▶ **What is being asked**
Skip the images and copy each record exactly as written.

Dataset records:
····················

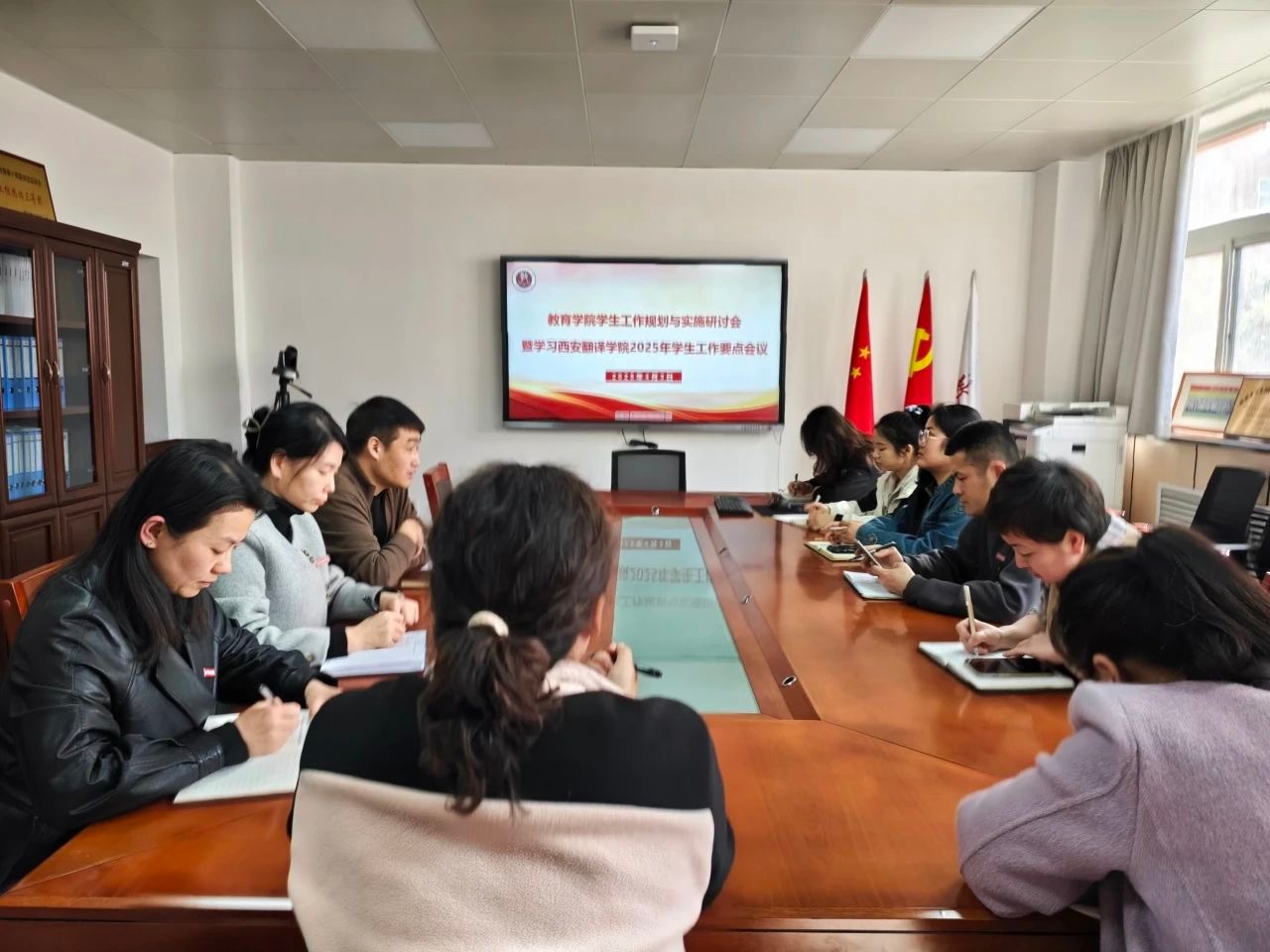 会议还深入学习了西安翻译学院2025年学生工作要点。潘亮亮结合教育学院实际情况,对要点进行了详细解读和部署。他要求全体辅导员要紧密围绕学校中心工作,将立德树人融入学生思想道德教育、文化知识教育和社会实践教育各个环节。
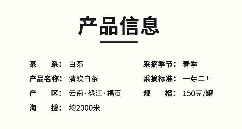 商品名称:【温泉山谷 拍1发2】云边贡清欢白茶怒江福贡高山野生白茶150克罐装
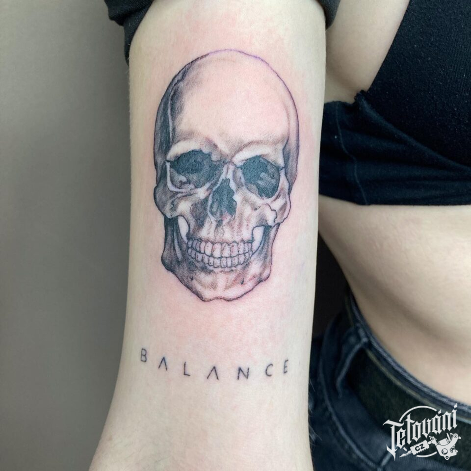 Tetování lebka a nápis na paži
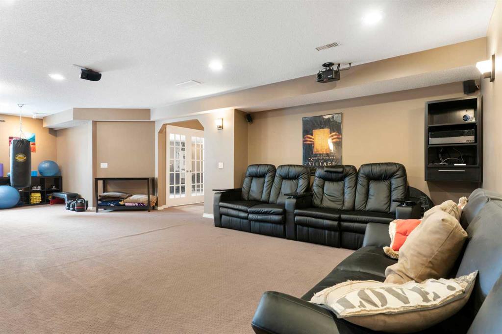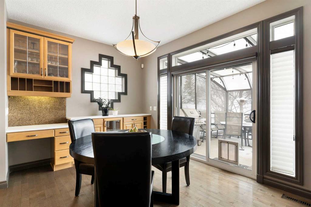 Welcome home to this beautifully designed, 3600+ sqft executive home with a 400+ sqft 3-season outdoor screen room, backing onto the 11th tee box of GlenEagles Golf Course. This home is perfectly positioned to enjoy tranquil views without the worry of stray balls in your back yard—zero in 20 years! Flooded with natural light, this home offers refined character blended with function, ideal for a growing family. Main highlights include hardwood floors, new plush carpet throughout the upper and main floor, charming archways, a wood-burning fireplace with gas lighter in the living room and a gourmet kitchen. Custom millwork cabinets and built-ins enhance both the living room and kitchen, which features a smart ‘triangle’ work flow of stainless steel gas stove, refrigerator with ice/water hookup and sink in the island. The kitchen also features premium quartz countertops with a slate backsplash, a corner pantry, Vacuflo floor sweeper, and extended sideboard with a built-in desk. A versatile flex room off the kitchen is perfect for a formal dining room, home office, or playroom. The patio doors off the dining nook feature a built-in pet door and opens to a fully screened-in large deck that spans the rear of the home, complete with a light-diffusing waterproof ceiling, built-in speakers, gas BBQ hookup, and secure pet access to the yard. The expansive screened in deck truly expands the main floor living space to the outdoors, enabling full enjoyment of the natural beauty surrounding this home and even allowing for BBQing in the rain. The backyard also offers a built in stone patio with a firepit and plenty of private greenspace for the kids or pets. The oversized double garage includes extra storage and a triple-wide driveway, so this home offers 5 private parking spaces (room for two inside & three out front!) The upper level offers a spacious primary suite across the back of the home and features a cozy gas fireplace, built-in speakers, and incredible golf course views. The spa-inspired ensuite is your private sanctuary, featuring a corner jetted tub, standalone shower, private lavatory, and a generous walk-in closet. The upstairs also offers 2 additional bedrooms which are equitably-sized, a stylish 4-piece main bath, a separate laundry room and ample closet space. Downstairs, the fully developed basement offers a large family / rec room for family movie or game nights, with a wine shelf and wet bar for effortless entertaining. There is a 5 piece bathroom and an enclosed room with french doors and an egress window that would be perfect as a guest bedroom suite, hobby space or a space to set up your home gym. This neighbourhood features walking paths with stunning, expansive views of the river valley and the Rocky mountains, playgrounds and easy access into Cochrane, or east on Hwy 1A to the City of Calgary. Don't miss the chance to make this one-of-a-kind golf course retreat, the backdrop to your family’s next chapter. It’s more than a home... it’s a lifestyle!
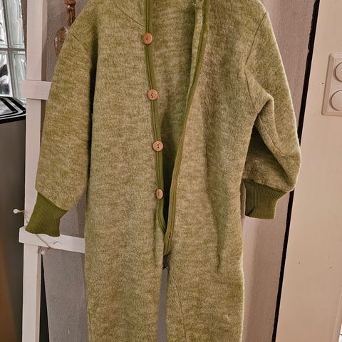 Kjempe søt hjemmesydd onepiece med ører på hetta. Den er sydd av ei jeg bestilte av på SoMe, den gang laget av Julie. Har du en gutt som er glad i kjøretøy er denne perfekt. Tekstilet heter frenc terry og er super mykt. Hun tok 750 kr for den. Den er lite brukt, men litt bruksflekker på knær.
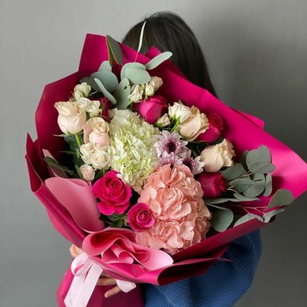 “Эвкалиптическая роскошь” гортензия и пионовидная кустовая роза
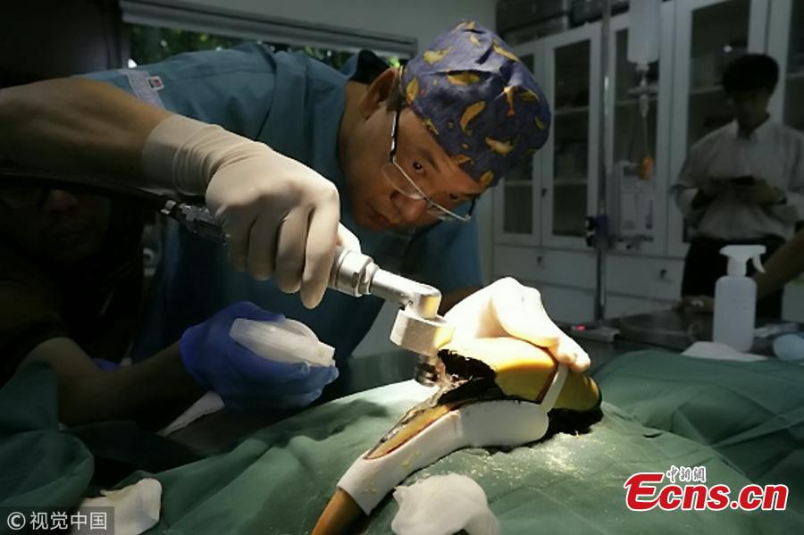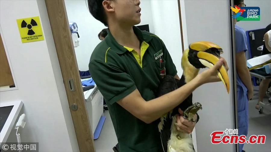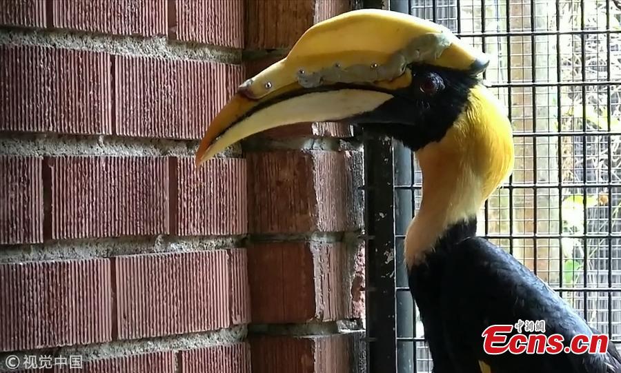 Jary, 22-year-old male great pied hornbill, has been given a 3D-printed prosthetic casque after surgery to remove cancerous tissue.In July, staff at Jurong Bird Park discovered an 8cm gash on Jary's casque - an enlarged section on the bill. They suspected the bird might be suffering from cancer as much of the tissue under Jary's casque had been destroyed by the disease. After a CT scan, surgeons decided to remove all the cancerous growth. The team worked with National University of Singapore to create a model of the casque for Jary to cover the exposed tissue as well as a jig to guide the saw during surgery. The whole design and 3D printing process took almost two months to complete.(Photo/VCG)
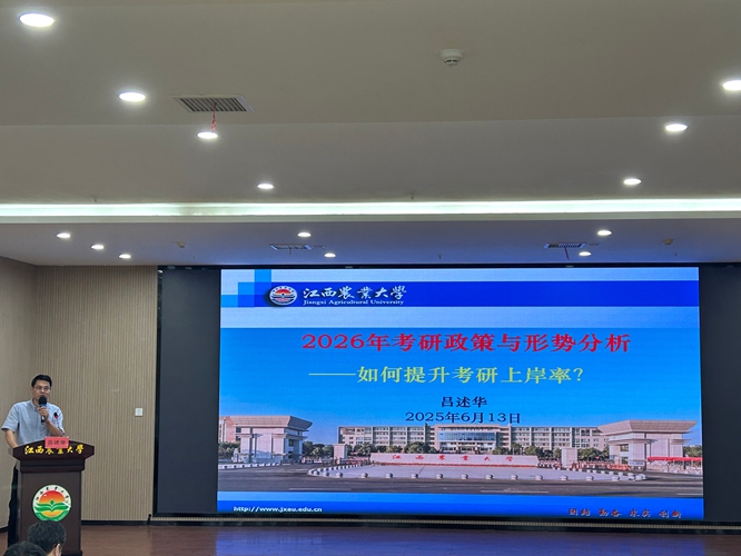 动员大会上,研究生院招生科科长吕述华及学院就业干部廖超分别就考研形势及考研择校作了政策分析与经验分享,并鼓励学生选择在本校继续升学深造。
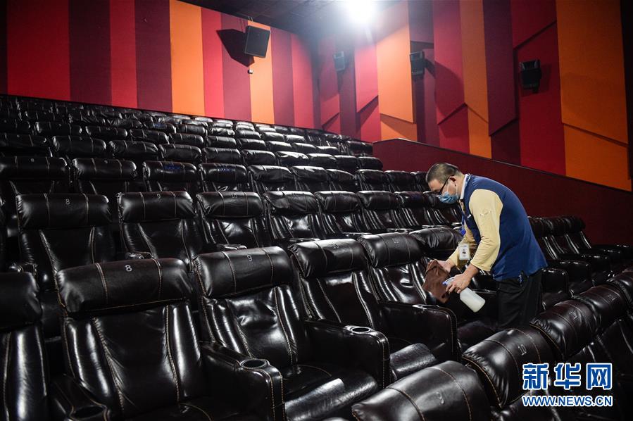 7月21日,万达影城北京CBD万达广场店工作人员在放映厅内进行消杀清洁工作。 当日,记者在北京市新型冠状病毒肺炎疫情防控工作新闻发布会上获悉,北京市低风险地区电影院在各项防控措施有效落实到位的前提下,可于7月24日有序恢复开放营业。记者探访两家电影院,工作人员正在做复工前的消杀清洁工作。 新华社记者 彭子洋 摄
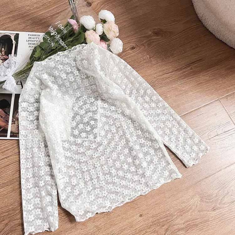 透け感 トップス 女の子 キッズ チュール シースルー インナー 春夏 UVカット 長袖 日焼け止め 花柄 ブラウス ハイネック レイヤード カットソー シアートップス おしゃ レース

····················

▶ **Reply to the exercise**
 会议还深入学习了西安翻译学院2025年学生工作要点。潘亮亮结合教育学院实际情况,对要点进行了详细解读和部署。他要求全体辅导员要紧密围绕学校中心工作,将立德树人融入学生思想道德教育、文化知识教育和社会实践教育各个环节。
 商品名称:【温泉山谷 拍1发2】云边贡清欢白茶怒江福贡高山野生白茶150克罐装
 Tetování lebka a nápis na paži
 Welcome home to this beautifully designed, 3600+ sqft executive home with a 400+ sqft 3-season outdoor screen room, backing onto the 11th tee box of GlenEagles Golf Course. This home is perfectly positioned to enjoy tranquil views without the worry of stray balls in your back yard—zero in 20 years! Flooded with natural light, this home offers refined character blended with function, ideal for a growing family. Main highlights include hardwood floors, new plush carpet throughout the upper and main floor, charming archways, a wood-burning fireplace with gas lighter in the living room and a gourmet kitchen. Custom millwork cabinets and built-ins enhance both the living room and kitchen, which features a smart ‘triangle’ work flow of stainless steel gas stove, refrigerator with ice/water hookup and sink in the island. The kitchen also features premium quartz countertops with a slate backsplash, a corner pantry, Vacuflo floor sweeper, and extended sideboard with a built-in desk. A versatile flex room off the kitchen is perfect for a formal dining room, home office, or playroom. The patio doors off the dining nook feature a built-in pet door and opens to a fully screened-in large deck that spans the rear of the home, complete with a light-diffusing waterproof ceiling, built-in speakers, gas BBQ hookup, and secure pet access to the yard. The expansive screened in deck truly expands the main floor living space to the outdoors, enabling full enjoyment of the natural beauty surrounding this home and even allowing for BBQing in the rain. The backyard also offers a built in stone patio with a firepit and plenty of private greenspace for the kids or pets. The oversized double garage includes extra storage and a triple-wide driveway, so this home offers 5 private parking spaces (room for two inside & three out front!) The upper level offers a spacious primary suite across the back of the home and features a cozy gas fireplace, built-in speakers, and incredible golf course views. The spa-inspired ensuite is your private sanctuary, featuring a corner jetted tub, standalone shower, private lavatory, and a generous walk-in closet. The upstairs also offers 2 additional bedrooms which are equitably-sized, a stylish 4-piece main bath, a separate laundry room and ample closet space. Downstairs, the fully developed basement offers a large family / rec room for family movie or game nights, with a wine shelf and wet bar for effortless entertaining. There is a 5 piece bathroom and an enclosed room with french doors and an egress window that would be perfect as a guest bedroom suite, hobby space or a space to set up your home gym. This neighbourhood features walking paths with stunning, expansive views of the river valley and the Rocky mountains, playgrounds and easy access into Cochrane, or east on Hwy 1A to the City of Calgary. Don't miss the chance to make this one-of-a-kind golf course retreat, the backdrop to your family’s next chapter. It’s more than a home... it’s a lifestyle!
 Kjempe søt hjemmesydd onepiece med ører på hetta. Den er sydd av ei jeg bestilte av på SoMe, den gang laget av Julie. Har du en gutt som er glad i kjøretøy er denne perfekt. Tekstilet heter frenc terry og er super mykt. Hun tok 750 kr for den. Den er lite brukt, men litt bruksflekker på knær.
 “Эвкалиптическая роскошь” гортензия и пионовидная кустовая роза
 Jary, 22-year-old male great pied hornbill, has been given a 3D-printed prosthetic casque after surgery to remove cancerous tissue.In July, staff at Jurong Bird Park discovered an 8cm gash on Jary's casque - an enlarged section on the bill. They suspected the bird might be suffering from cancer as much of the tissue under Jary's casque had been destroyed by the disease. After a CT scan, surgeons decided to remove all the cancerous growth. The team worked with National University of Singapore to create a model of the casque for Jary to cover the exposed tissue as well as a jig to guide the saw during surgery. The whole design and 3D printing process took almost two months to complete.(Photo/VCG)
 动员大会上,研究生院招生科科长吕述华及学院就业干部廖超分别就考研形势及考研择校作了政策分析与经验分享,并鼓励学生选择在本校继续升学深造。
 7月21日,万达影城北京CBD万达广场店工作人员在放映厅内进行消杀清洁工作。 当日,记者在北京市新型冠状病毒肺炎疫情防控工作新闻发布会上获悉,北京市低风险地区电影院在各项防控措施有效落实到位的前提下,可于7月24日有序恢复开放营业。记者探访两家电影院,工作人员正在做复工前的消杀清洁工作。 新华社记者 彭子洋 摄
 透け感 トップス 女の子 キッズ チュール シースルー インナー 春夏 UVカット 長袖 日焼け止め 花柄 ブラウス ハイネック レイヤード カットソー シアートップス おしゃ レース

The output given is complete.